■ **Brief**
For this exercise, copy the data exactly and omit any images.

■ **Data extract**

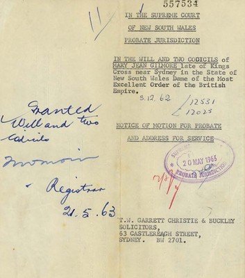 A grant of probate is the authority given by the Supreme Court of NSW to the executor(s) to deal with a deceased person's estate. Probate packets hold the last will and testament, codicils (additions or revocations to the will) or letters of administration.
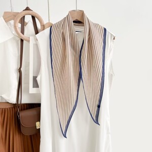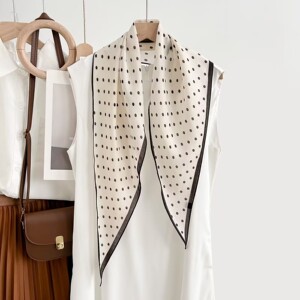 真丝羊毛菱形巾长条千鸟格小丝巾女桑蚕丝春夏新款黑白波点百搭领
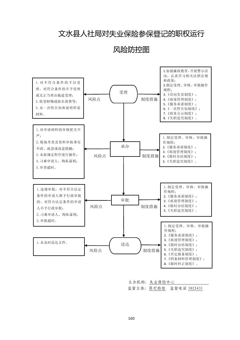 1.受理阶段责任:对符合失业保险参保登记条件的予以受理,对不符合条件的不予受理(材料不全的一次性告知和说明所需材料)。 2.承办阶段责任:按失业保险参保登记规定程序进行操作,对申报材料的审核严格把关。 3.审批阶段责任:对符合办理失业保险参保登记条件的申请人准予给以办理,对不符合条件的申请人不予办理。 4.送达阶段责任:及时送达有关资料。 |
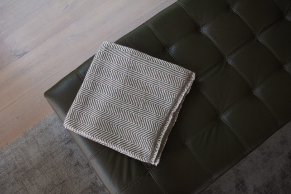 La manta Larrge Herringbone de Kambalina es perfecta para acurrucarte. Tejida en patrón espiga, su mezcla de 98% cachemira y 2% elastano la hace ultra suave, con una caída y elasticidad sutil que la vuelven comodísima. Mide 130 x 180 cm, un tamaño ideal para el sofá, la cama individual o decorar cualquier espacio. Cuidado Recomendado: Limpieza en seco

■ **Expected answer**
 A grant of probate is the authority given by the Supreme Court of NSW to the executor(s) to deal with a deceased person's estate. Probate packets hold the last will and testament, codicils (additions or revocations to the will) or letters of administration.
 真丝羊毛菱形巾长条千鸟格小丝巾女桑蚕丝春夏新款黑白波点百搭领
 1.受理阶段责任:对符合失业保险参保登记条件的予以受理,对不符合条件的不予受理(材料不全的一次性告知和说明所需材料)。 2.承办阶段责任:按失业保险参保登记规定程序进行操作,对申报材料的审核严格把关。 3.审批阶段责任:对符合办理失业保险参保登记条件的申请人准予给以办理,对不符合条件的申请人不予办理。 4.送达阶段责任:及时送达有关资料。 |
 La manta Larrge Herringbone de Kambalina es perfecta para acurrucarte. Tejida en patrón espiga, su mezcla de 98% cachemira y 2% elastano la hace ultra suave, con una caída y elasticidad sutil que la vuelven comodísima. Mide 130 x 180 cm, un tamaño ideal para el sofá, la cama individual o decorar cualquier espacio. Cuidado Recomendado: Limpieza en seco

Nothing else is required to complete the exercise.